2. Book of Mormon - Bank of America Theatre
3. Rapture, Blister, Burn - The Goodman
4. Improvised Shakespeare - iO
5. Little Foxes - The Goodman
6. Soul Brother Where Art Thou? - The Second City
7. Trust Us (Screw You) - The Neo-Futurists
8. Ride the Cyclone - Chicago Shakes
9. Mr. Burns - Theatre Wit
10. Yellow Dress - Silk Road Rising

Monday, November 9, 2015

Not Helping Feminism?/Submitting to Misogyny

A couple years ago many of my Arizona comedy pals had a mass exodus of our improv group. It was time for me to go too. I knew my final year of grad school should be spent focusing on my thesis, and the group was getting younger anyway. The director put together a final send-off show on a Sunday night. It was pretty packed, and it was a great night for all of us. We bowed, and I felt a bittersweet twinge for these four other guys who were moving on. And then something "organic" happened. The director took the mic and thanked the huge crowd for coming out. But then he went on to say how much the group meant to him. Hm. And then he rambled about the legacy of the group. (At this point the audience started squirming a little. They just watched an hour plus of improv and were kinda ready to scoot.) Then the director starting giving personal shout-outs to guys who had been in the group when he was just starting. Then he gave little speeches about each of the guys leaving on stage. He said something like, "These guys are the funniest people and my best friends, and the ladies are lovely as well." It was pretty embarrassing. I was hurt too--I considered this person my friend. Oh well, it was almost over. NOPE, PSYCH. He handed the mic to someone else onstage. The audience let out a collective discomforted sigh and waited while three other dudes gave basically the same speech calling out the same dudes from previous generations. Not a single guy recognized the female director who had cast most of them initially. Not a single one called out any of the women who had been on teams with them. My female teammate took the mic and gave gratitude this is how she met her boyfriend, an ex-cast member. The whole goo-fest was probably fifteen minutes strong when I got the mic last. I, again, was feeling bad for the audience who was listening to this pretty self-referential sludge, so gave a polite shake of my head and the night was over. I had been thinking about what the group meant to me though. I just chose to appropriately tell the important people I met in-person, not assuming a crowd of strangers wanted to hear about it.

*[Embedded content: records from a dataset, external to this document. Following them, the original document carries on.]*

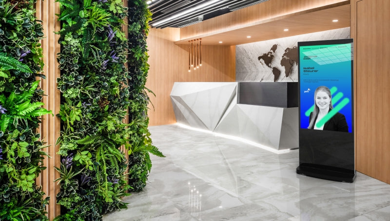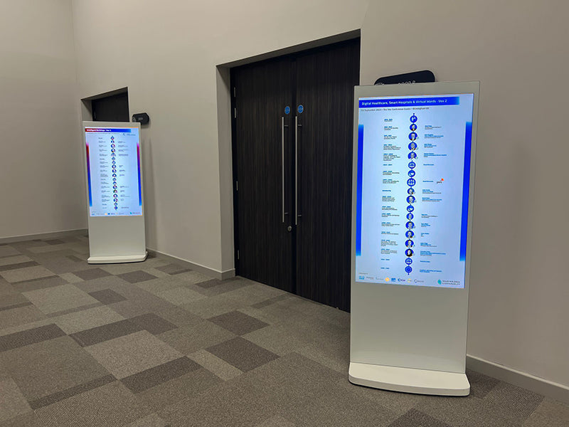 Digital Freestanding Poster Screen Totem To Elevate Your Space! It comes in black or white colour. Ideal for receptions, retail, hotels, restaurants, schools, University, Gallery, and more. Explore the possibilities!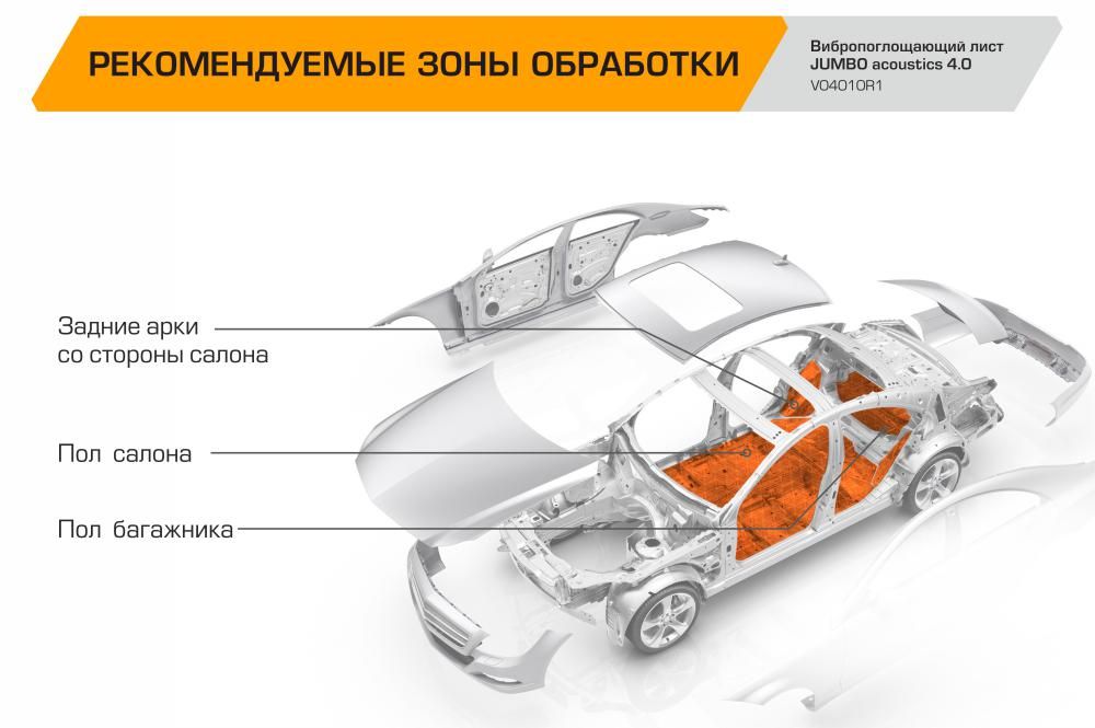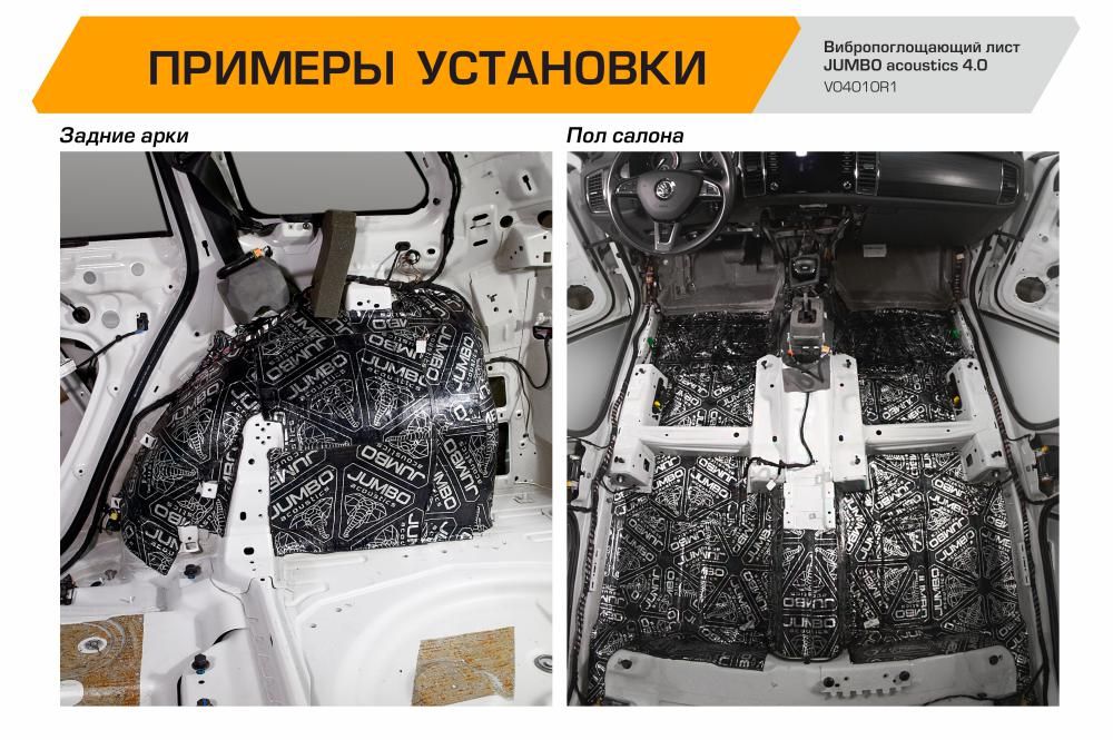 Снижает уровень шума в салоне автомобиляВибропоглощающие листы JUMBO acoustics – базовый слой в комплексной шумоизоляции авто, который поглощает шум от внешних источников и вибрации от панелей кузова и других частей авто (двигатель, трансмиссия, выхлопная система). Полимерный слой в составе листов защищает панели автомобиля от коррозии, алюминиевая фольга - упрочняет кузовной металл. Пластичный материал обладает нарастающей адгезией и высокой теплостойкостью, легко клеится на твердые поверхности. Шумоизоляция авто с помощью материалов JUMBO acoustics снижает шум и вибрации в салоне и создает тихую среду для комфортных поездок.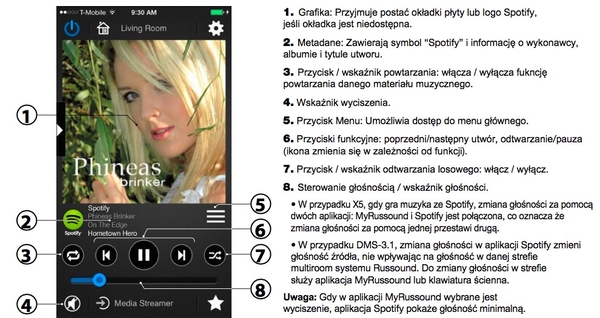 Spotify można obsługiwać z aplikacji MyRussound. Nalżey wybrać w X5 lub DMS-3.1e z listy źródeł w menu "Spotify".
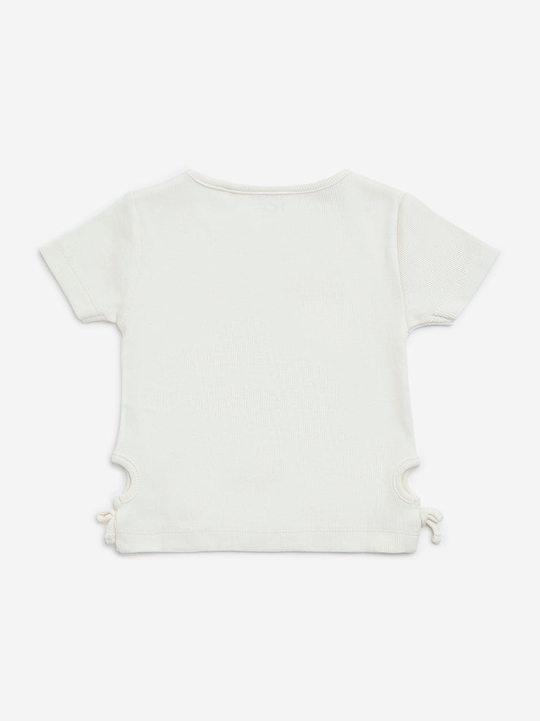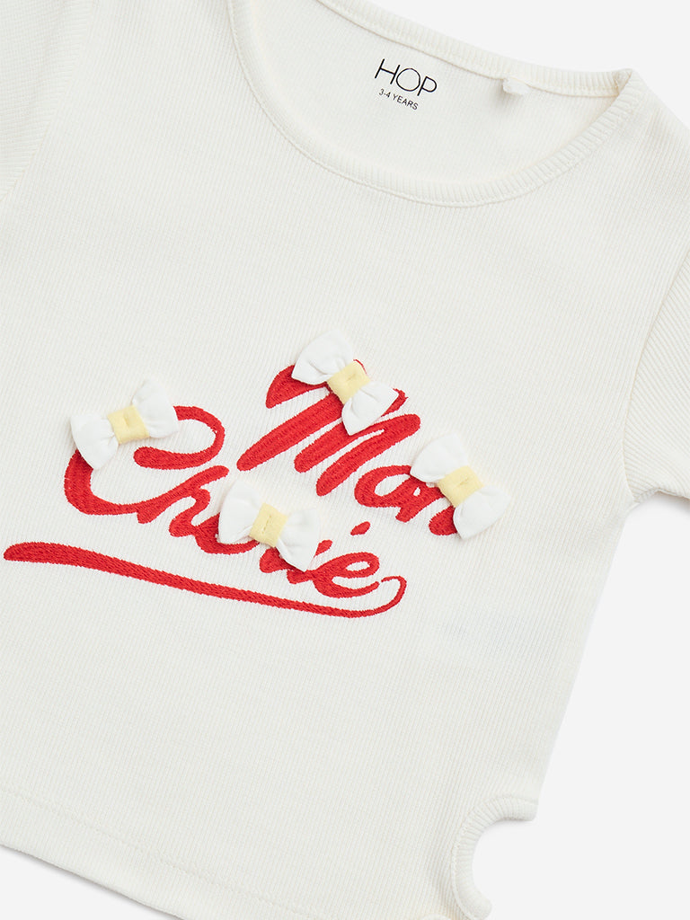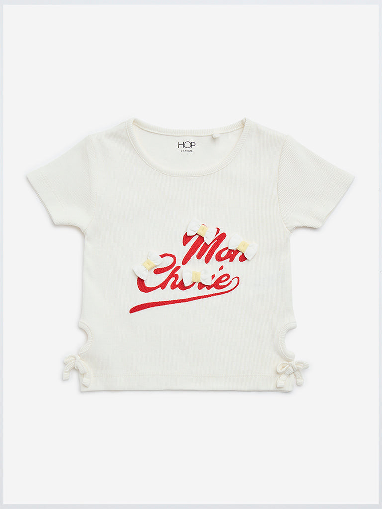 HOP Kids Off-White Text Design Cotton-Blend T-Shirt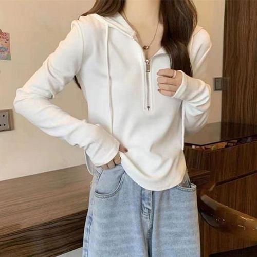 여성 캐주얼 후드 하프 집업 롱 슬리브 티셔츠 WFL3JRK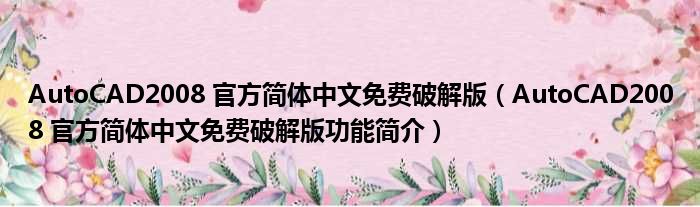 AutoCAD2008 官方简体中文免费破解版(AutoCAD2008 官方简体中文免费破解版功能简介)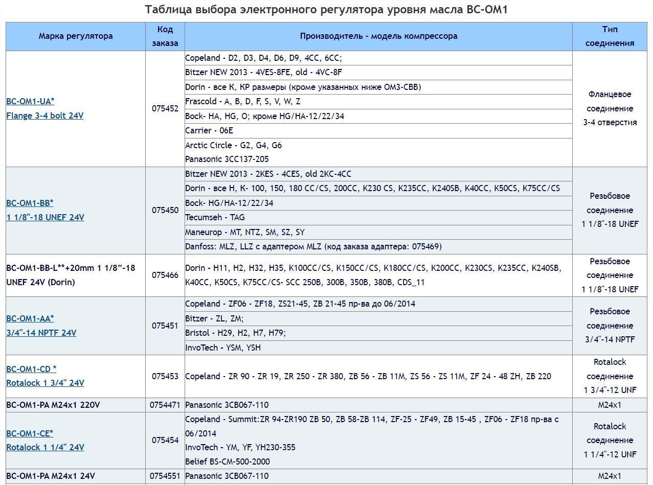 Электронные регуляторы уровня масла ВС-ОМ1 / BC-OM2 CO2

Some of those important people (specifically three other girls I formed an independent group with) were in the audience that night. I hugged them and told them why they meant so much to me. "But you didn't say it onstage!" Kale said. It was such a trap, I realized. I wasn't egotistical enough to sing my own squad's praises, and therefore, they went unsung. I didn't mean to submit to misogyny. I didn't mean to quiet the very few and underrepped female voices in comedy. I acted rationally as a person regardless of gender, but.
Shellz and I writing sketch comedy years ago.

Friday, November 6, 2015

Picking Up A Winterfresh Wrapper

Yesterday a Winterfresh wrapper flew out of a girl's bag about ten paces ahead of me on my walk home from the el. I could see my apartment window. The one I put the little ghost in. I guess I need to take that down now. The wrapper flew out and bounced in the wind a moment. I had about twenty seconds to decide what to do. My first instinct was to pick it up because litter. Then I wondered, "Why should I?" After all, it wasn't my trash. After all, I am a pretty good eco citizen. Then I wondered if anyone was watching me and if possibly I might make some money. (This is a very common irrational thought I have potentially spurred by my dad's staple bedtime stories coming from The Children's Book of Virtues. In those stories, good is always rewarded--even tiny good. In fact, it almost seems as thought the more inconsequential good deed bears the most fruit. Like, there were at least four stories about a little sweetheart helping a mouse in the forest and then the mouse gives the chick, like, a million diamonds. Idk it's more complicated than that, but regardless, there is a small part of my brain reserved for impossible possibilities like leprechauns popping and giving me a pot of gold as soon as my hand touched the discarded plastic.) THEN, I wondered if I would have to split my fortune with litterbug up there. After all, she's a big reason why I got to be so rich. Drat. That's obnoxious.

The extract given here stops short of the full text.